Rethinking Parameter Counting in Deep Models: Effective Dimensionality Revisited
Wesley J. Maddox, Gregory Benton, Andrew Gordon Wilson

TL;DR
This paper revisits the concept of effective dimensionality to better understand neural network generalization, explaining phenomena like double descent and relating it to Bayesian and model complexity measures.
Contribution
It introduces effective dimensionality as a key lens to interpret neural network generalization and connects it to various theoretical and empirical aspects of deep learning.
Findings
Effective dimensionality explains double descent behaviour.
It correlates with Bayesian posterior contraction and model selection.

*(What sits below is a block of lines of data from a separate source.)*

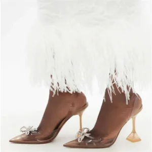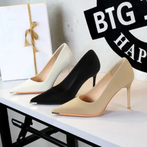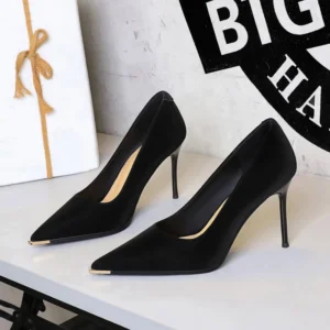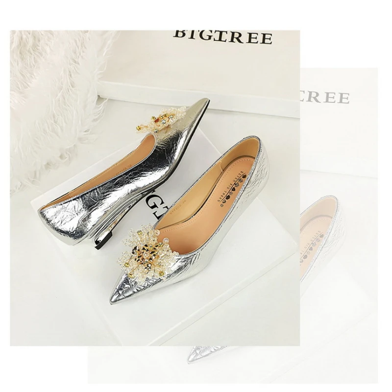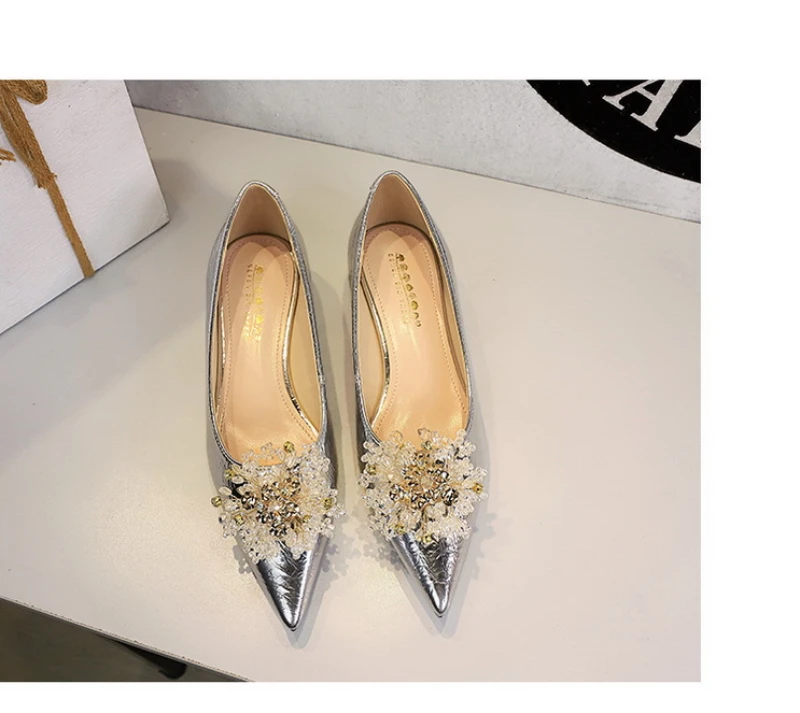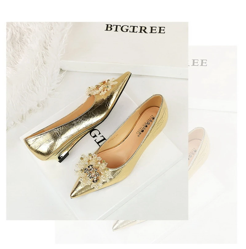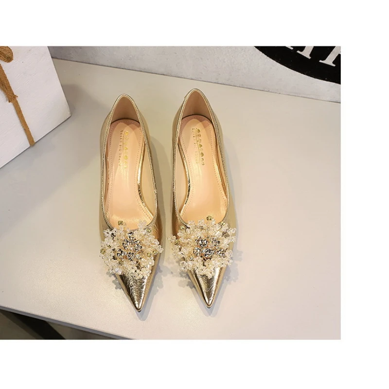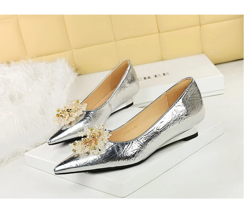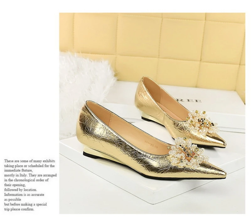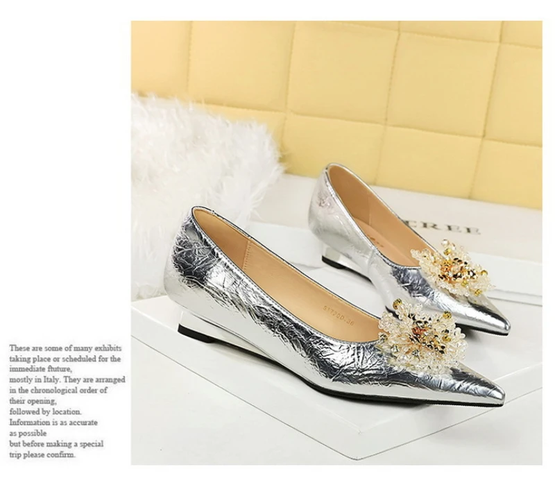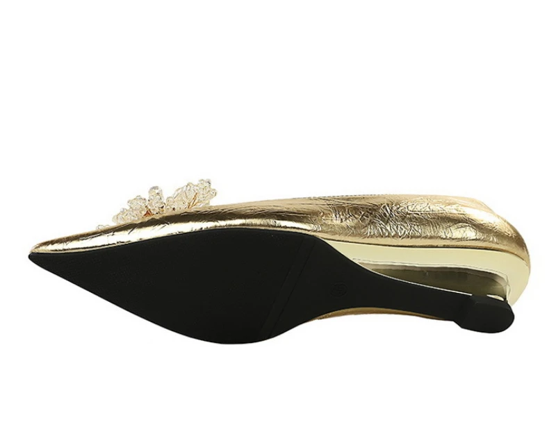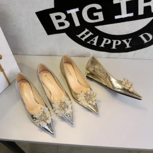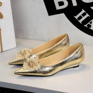 Korean Style Rhinestone Wedding Shoes Metal Hand-Grabbing Wedge Pattern Slim Women’s Shoes Pointed Toe Low Heel Women’s Shoes
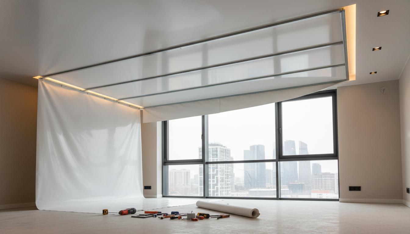Быстрая установка натяжных потолков.
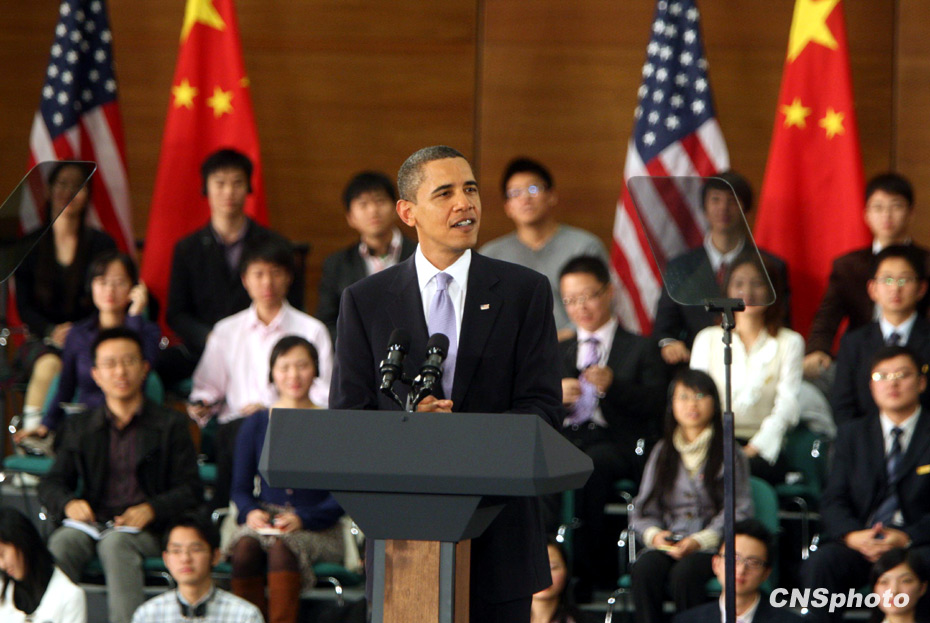 11月16日,正在上海訪問的美國總統(tǒng)奧巴馬現(xiàn)身位于浦東的上?萍拣^,與四百余中國青年進(jìn)行面對(duì)面交流。 圖片來源:中國新聞網(wǎng)

Outperforms norm- and flatness-based measures in predicting generalization.
Abstract
Neural networks appear to have mysterious generalization properties when using parameter counting as a proxy for complexity. Indeed, neural networks often have many more parameters than there are data points, yet still provide good generalization performance. Moreover, when we measure generalization as a function of parameters, we see double descent behaviour, where the test error decreases, increases, and then again decreases. We show that many of these properties become understandable when viewed through the lens of effective dimensionality, which measures the dimensionality of the parameter space determined by the data. We relate effective dimensionality to posterior contraction in Bayesian deep learning, model selection, width-depth tradeoffs, double descent, and functional diversity in loss surfaces, leading to a richer understanding of the interplay between parameters and…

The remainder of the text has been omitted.